The funny part is, that having a signed exe is actually a bad sign for a game downloaded on Itch (one does not sign a ever changing exe for a hobby project or even as a small time developer). That one time I found such a thing, it was a virus with a faked signage. Yes, it was faked, that system is compromised. As I understand they hacked or faked a company in that signage-system.
Godot is infamous for triggering false positives. But that the threat was named specifically is concerning. Although it seems kinda a generic name for a downloader and data stealer family of malware that might get false positives because of that.
Thanks for the reply, it looks like Chrome doesn't detect the file as a virus, it downloads the file completely and only then after the Windows Defender trigger it is marked as a virus. I looked into the problem more deeply and it looks like the problem is in the .zip files, for some reason they are sometimes marked as a virus, maybe should try changing the file compression type.

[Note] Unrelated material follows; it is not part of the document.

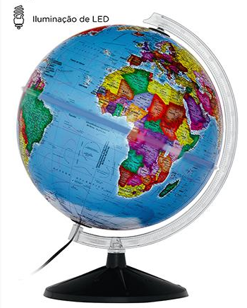 Globo Terrestre Político confeccionado em acrílico e plástico e LED branco, diferencia os países por cores em degradê, com os 50 maiotes lagos, rios e ilhas do mundo. Os vulcões ativos e inativos, divisão interestadual do Brasil e os países integrantes da União Européia e os do Mercosul. Contém informações Demográficas, geográficas, fuso horário, régua dos meridianos e na base os pontos Cardeais em alto Relevo. Globo equipado com LED branco de 5 W e multivoltagem: 110/220 volts. Na base os pontos Cardeais em alto Relevo. Com diâmetro de 30 cm e Escala de 1:42.000.000. Montado mede: 45 cm x 35 cm. Embalagem: Caixa de papelão.

That one time it happened to me, Chrome screamed at my at the time of downloading. I knew it was a virus, I just wanted to see what it looks like on virustotal. Was an obvious one and uploaded to Itch. So I was curious, why Itch's scanners did not detect it. It turned out to be even more ridiculous since even Chrome screamed at me. Or maybe it was the Defender. It was not distinguishable for me at that time.
If it is actual zip files, that is strange. Maybe compressing Godot files makes them look suspicous. Godot packed exe often trigger. They do clever things inside that. Zipping it again might be seen as a circumvention method.